殺さずに、明確な答えが得られそうにない質問を続ける意図が読めない。
「本当に僕も解らないんだよ。
元々、この国は遺跡の基に国を興したらしいから、地下の存在に気付かなかったのかもしれないけど」
あるいは、調べようとして残していたのか。
今となっては判らない事だが、遺跡の残りだという線は当たっているだろう。
「遺跡……か」
シンは、光る壁に触れて確かめている。
ほんのり暖かいようで、何度も触れては離してを繰り返していた。
「こっちも、質問いいかな?
どうして、君は僕を助けたんだい? さっきまで殺す勢いだったのに」
シンは眉を顰めた。
それが意味する事を、テランは理解していない。
……*
爆発が起き、シンとテラン。二人の足場がそのまま沈んでいく。
いくつか柱が壊れたのか、崩れた天井や壁が頭上から落ちてくる。
逃げ場は無かった。
状況を打破したのは、シンでは無かった。
テランが詠唱を破棄し、魔術を使用する。
シンの身体に巻き付いた影の帯。影縫。
それを、落ちてくる瓦礫に向かって放っていた。
帯が瓦礫と瓦礫、影縫はあらゆるところに巻き付いて勢いを殺す。
同じように、落ちる地面に向かって放たれたそれはクッションとなって二人への衝撃を和らげる。
そのまま、魔力を使い果たしたテランは気を失った。
致命傷は避けたとはいえ、あちこちに負傷はした。
特にテランは頭を割ったのか、床に赤い水たまりを作ろうとしていた。
結果的にそうなっただけかもしれないが、このまま死なれても目覚めが悪い。
命を救われたシンは、せめてもの誠意として応急処置を施した。
反応を見る限り、テランはその一部始終を覚えていないようだ。
無意識に放ったのか、とぼけているのかは表情から読めない。
ただ、強い『生』への執着を感じた。
だから、助けた。
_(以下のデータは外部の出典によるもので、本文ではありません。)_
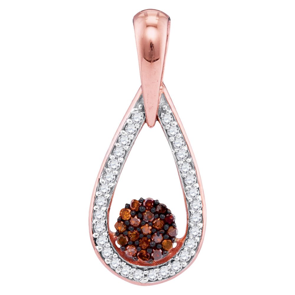 REF-14W9K- SKU: GD97591 ---- 0.15 CTW Red Color Diamond Teardrop Cluster Pendant 10KT Rose Gold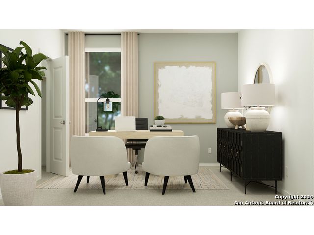 La Siesta - This new home features a modern and low-maintenance design contained to a single level. Off the foyer are two secondary bedrooms and a convenient study, providing a secluded place to focus on important tasks throughout the week. The kitchen, dining room and family room share an open-concept floorplan, with a nearby covered patio ready for outdoor entertainment and leisure. The owner's suite is nestled into a private corner at the back of the home. Prices and features may vary and are subject to change. Photos are for illustrative purposes only.
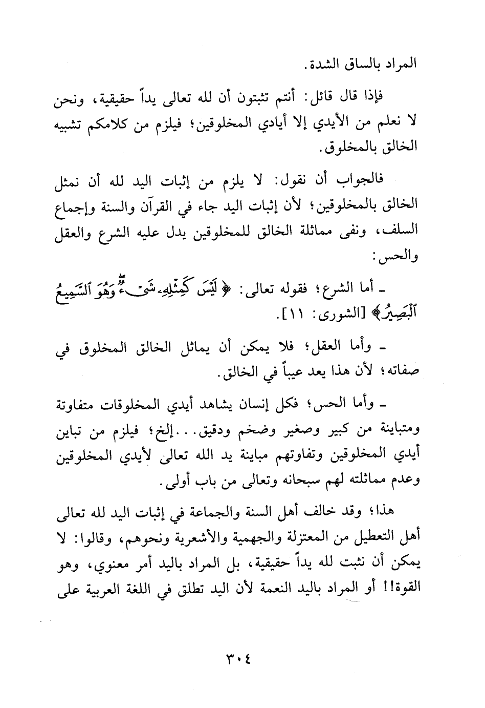 فإذا قال قائل: أنتم تثبتون أن لله تعالى يداً حقيقية، ونحن لا نعلم من الأيدي إلا أيادي المخلوقين، فيلزم من كلامكم تشبيه الخالق بالمخلوق.

合理的な行動でないとしても、そうするのが正しいと思った。
フェリーに打ち込んだ石についても、きっと全て真実を語っている訳ではないだろう。
だが、体内から消えたというのは本当だと思った。
言葉の前半部分は何か考えながら話しているようだったが、後半は滑るように舌を回らせている事から確信をした。
それなら、自分の目的は達成したに近い。
次の目的は……ここから脱出するぐらいだろうか。
「なあ」
シンは、テランに声を掛ける。
「一時休戦と行かないか?」
その提案に、テランは目を丸くしていた。